Assigned to duties in the vicinity of Brandy Station until early May 1864, the 72nd New York assisted with operations along the Rapidan River (February 6–7), and was then assigned to the Overland Campaign led by Lieutenant-General Ulysses S. Grant. After fighting in the battles of the Wilderness (May 5–7), Spotsylvania Court House (May 8–21), North Anna (May 23–26), Totopotomoy Creek (May 28–31), and Cold Harbor (June 1–12), the regiment also participated in the opening weeks of the Siege of Petersburg until its leaders received orders to begin winding down the regiment's operations. On June 20, Companies A, B, D, E, F, I and K mustered out. Companies C, G, and H were then transferred to the 120th New York Infantry. Company G was then officially mustered out on July 2, followed by Company C on July 20 and Company H on October 31, 1864.

==Notable members==
- Haight, John H.: Winner of the U.S. Medal of Honor for extraordinary heroism displayed in 1862 during the Battle of Williamsburg, Manassas Station Operations, and Second Battle of Bull Run while serving as a sergeant with the regiment's G Company.

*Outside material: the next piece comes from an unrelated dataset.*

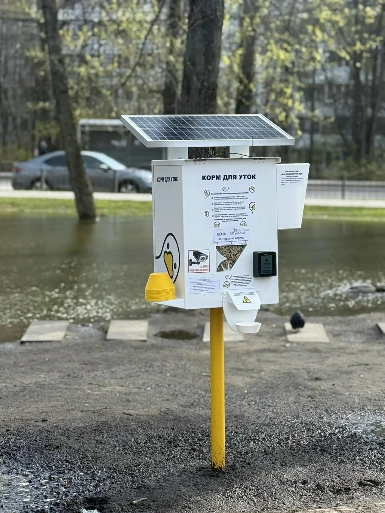Уток, живущих у пруда в сквере Содружество,  теперь можно будет покормить с помощью уткомата на солнечных батарейках. Его установили на берегу пруда. Стоимость порции – 25 рублей.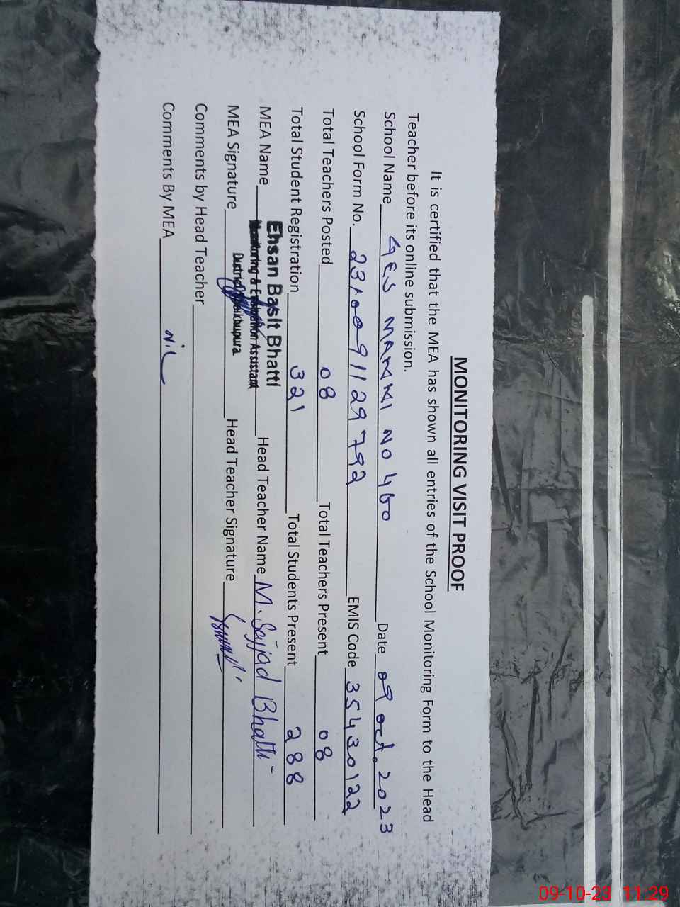 | Attendance Register | Head Teacher | MEA with School | Visit Proof |

- Thomas Horan: Recipient of the U.S. Medal of Honor after the Battle of Gettysburg.
- Stevens, William O.: After advancing through the ranks, Stevens was commissioned as colonel on September 8, 1862 and placed in charge of the regiment, a post he held until he was killed in action on May 3, 1863 during the Battle of Chancellorsville, Virginia.
- Taylor, Nelson: Founder and first commanding officer of the regiment, Tayor was appointed as Brigadier-General of Volunteers, U.S. Army on September 7, 1862. Elected to the U.S. House of Representatives just prior to the end of the war, he served in Congress from March 4, 1865 to March 3, 1867.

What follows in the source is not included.